What it takes to build great machine learning products

[+] gfodor|14 years ago|reply

A great and insightful article. A common theme I've seen in practice is folks who have a deep understanding of ML often run straight to applying the most sophisticated algorithms possible on raw data. On the other hand, people who know a bit about ML but understand the domain better start by applying intuition to data cleansing and then follow up with simpler algorithms. Without fail the latter group ends up with better results.

[+] jmount|14 years ago|reply

My definition of a "deep understanding of ML" definitely excludes people who immediately try "the most sophisticated algorithm." Buzzword jockies try all the cool stuff first, but most practitioners I have met try basic statistical methods first.
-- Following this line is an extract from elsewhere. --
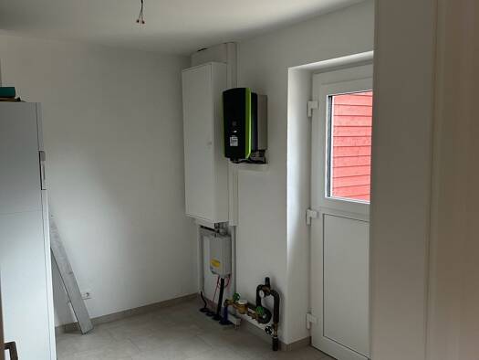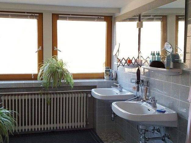 Das Haus befindet sich in leichter Hanglage. Alle Zimmer sind sehr hell, im Erdgeschoß reichen die doppelflügeligen Glastüren bis zum Fußboden. Im Erdgeschoß befindet sich ein großes Wohnzimmer (ca. ...

Then when they see what issue they need to overcome they bring in a method designed to help with that issue.

[+] ma2rten|14 years ago|reply

Really? I'd think that most ML people are well aware of the importance of data cleansing and feature extraction. Also my experience is that domain knowledge often (but not always - depends on the domain) helps surprisingly little. Feature extraction is mostly an iterative approach anyway: you define some very simple features, you look at the mistakes, you add some features and repeat until you are happy. Ideally you also do some visualization in there somewhere.

[+] tel|14 years ago|reply

I think there are essentially two "deep" understandings of ML prevalent today. The first is more common: the ability to do the calculus, algebra, and probability derivations required to design complex ML algorithms combined with the CS knowledge to find/design a good algorithm and the software design skill to actually implement it on real, "big" data.

No doubt this is a difficult position to master and those who perform well are able to tackle lots of mathematical and computational challenges. They also are model builders who (have tendency to) relentlessly seek complex models in order to solve complex problems.

The other, rarer side is the learning theorist who may or may not understand the model building, algorithmic, and computational tools but understands well the theories which allow us to have reasonable expectations that the tools of the first group will work at all. These guys have a funny story in that they were the old statisticians who got a major egg-on-the-face after proclaiming that essentially all of ML was impossible. Turns out the first group managed to redefine the problem slightly and make major headway (and money).

---

The thing I want to bring to light however is that the second group knows the math that bounds the capacities of ML algorithms. This isn't easy. It's one thing to say you recognize that the curse of dimensionality exists, but it's another to have felt it's mathematical curves and to build an intuition for what forces are sufficient to cause disruption.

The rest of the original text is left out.